After years of abdominal pain, I underwent an abdominal hysterectomy, but it took its physical and psychological toll

October 28th, 2021. I was considered one of the “lucky ones”. My abdominal hysterectomy (removing the uterus through an incision in the lower abdomen) had gone ahead at University Hospital Waterford. By then, Covid numbers had started to creep up again and, within days of my operation getting the green light, hundreds of others were cancelled as hospitals all over the country tried their best to get to grips with another winter Covid spike.

It was an extremely isolating, lonely experience. Due to Covid, no visitors were allowed, so my twice-daily walks up and down the ward corridor became my social “highlight” of those five days post op. I was also blessed that some friends’ relatives worked as nurses at the hospital so they used to pop into me with a magazine or a paper. I don’t think they fully realised the positive impact of those simple acts of kindness.

Sixteen months later, there are still days when I don’t feel that same sense of “luck” that I felt when I heard my operation was finally going ahead. Thankfully, those kinds of days are becoming fewer and I’m gradually adapting to a new way of life post hysterectomy. My gynaecological journey has not been a straightforward one so I thought it might be worth sharing my experience for other women who might find they can relate in some way.

Twenty years ago my then boyfriend (now husband) and I were on holiday in the US when I was struck down with excruciating cramps that resulted in me spending a few nights in a Boston hospital with a suspected burst ovarian cyst. Those gut-wrenching abdominal cramps had been occurring since childhood. Appendix extraction at the age of 13 had helped a little but they sporadically made an appearance throughout my teenage years. When I became sexually active in my 20s, my GP prescribed the contraceptive pill, which seemed to help physically but not mentally; so, after trying various types, I eventually had to abandon ship as the toll on my mental heath was just not worth it.


In 2010, aged 34, I gave birth to a healthy daughter via Caesarean section. She was breach in the womb and not for turning.

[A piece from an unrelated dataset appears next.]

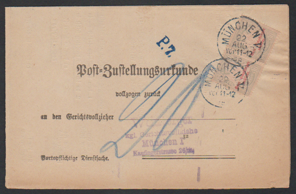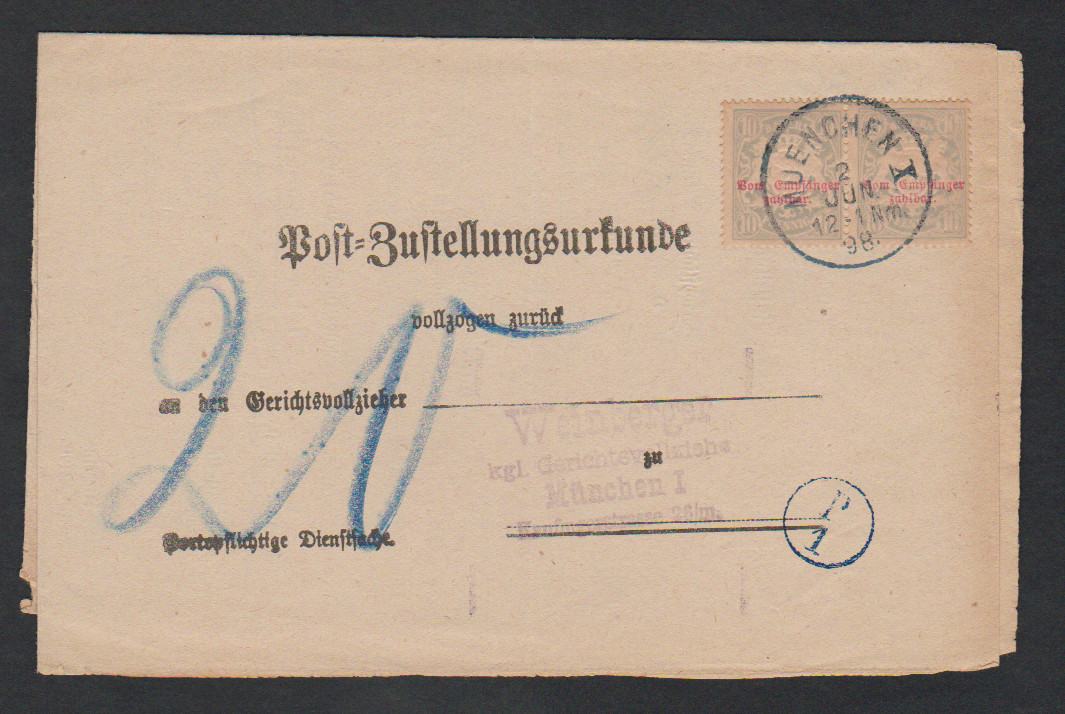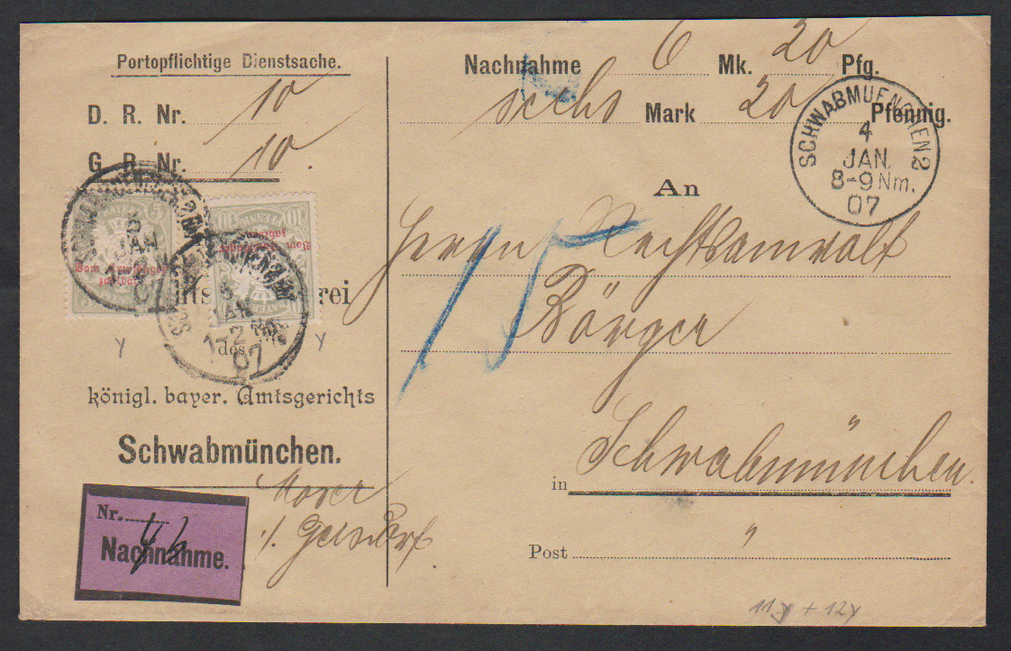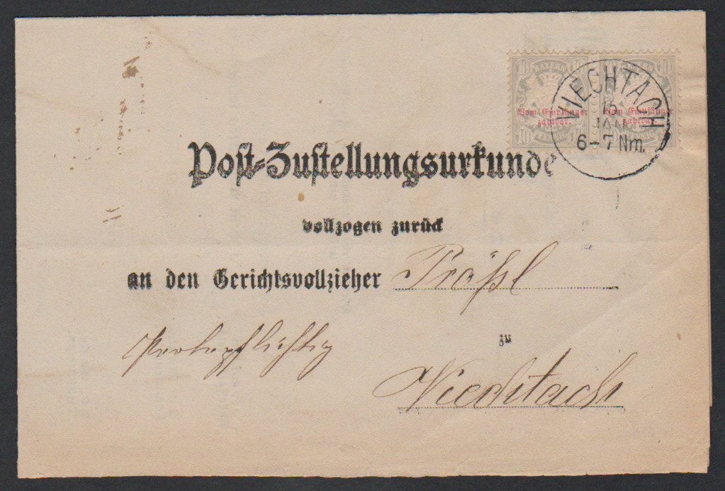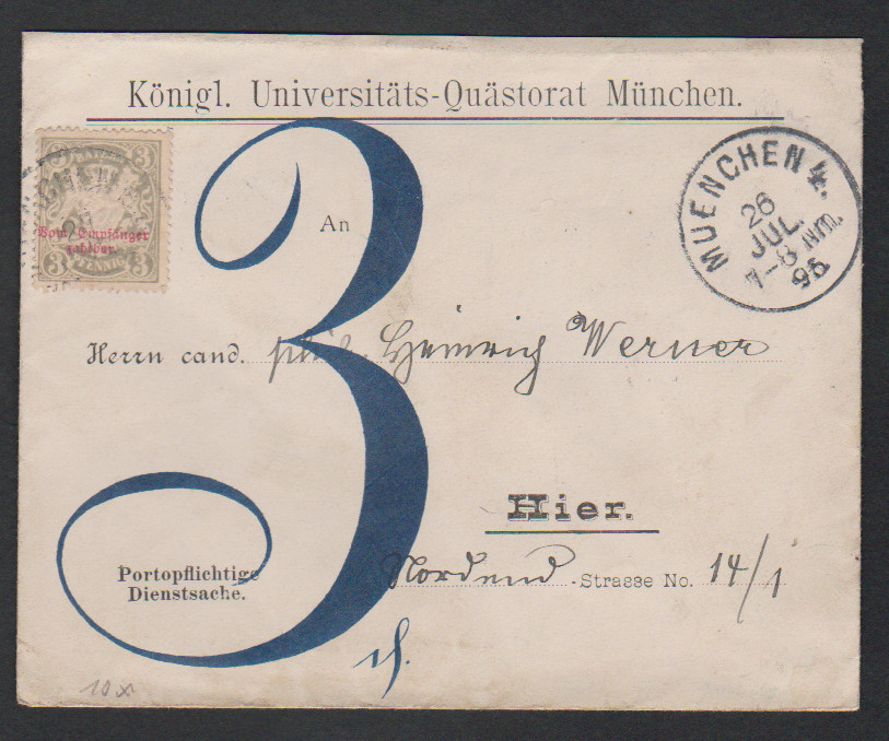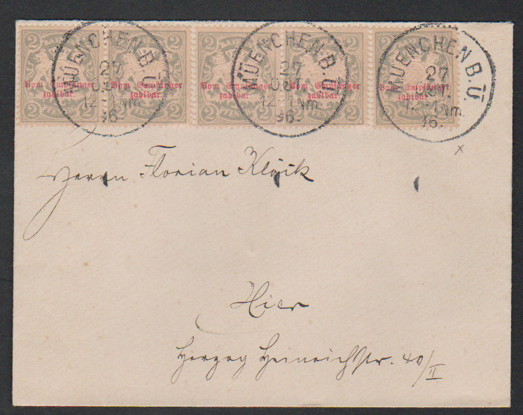 Portomarke 3 Pfg. als tadellose Einzelfrankatur auf schön gestempeltem Brief von Straubing in den eigenen Landbezirk nach Kirchroth, beim Brief fehlt rs. ein Klappenteil, sign. Brettl. Mi. 500,-

The pregnancy had been challenging both physically and mentally, so I firmly believe nature sensitively intervened, to limit further gynaecological trauma. I was relieved when our daughter arrived safely – as did our son, 3½ years later.

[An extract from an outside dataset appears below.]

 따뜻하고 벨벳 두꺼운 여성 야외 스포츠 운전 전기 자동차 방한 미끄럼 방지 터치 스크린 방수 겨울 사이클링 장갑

In 2016, I was back in hospital for a colonoscopy. IBS (Irritable bowel syndrome) was diagnosed and the subsequent prescription was game-changing for me. By 2018, however, abdominal cramps were back with a vengeance, so my GP referred me to UPMC for yet another ultrasound, which confirmed I had a series of uterine fibroids. One was putting pressure on my bladder, resulting in significant discomfort. As I was only in my early 40s at the time, I didn’t want to face a full hysterectomy, so I opted for uterine embolisation instead, which successfully shrank the fibroids to 60 per cent of their original size. (I wrote about my experience of this procedure here.)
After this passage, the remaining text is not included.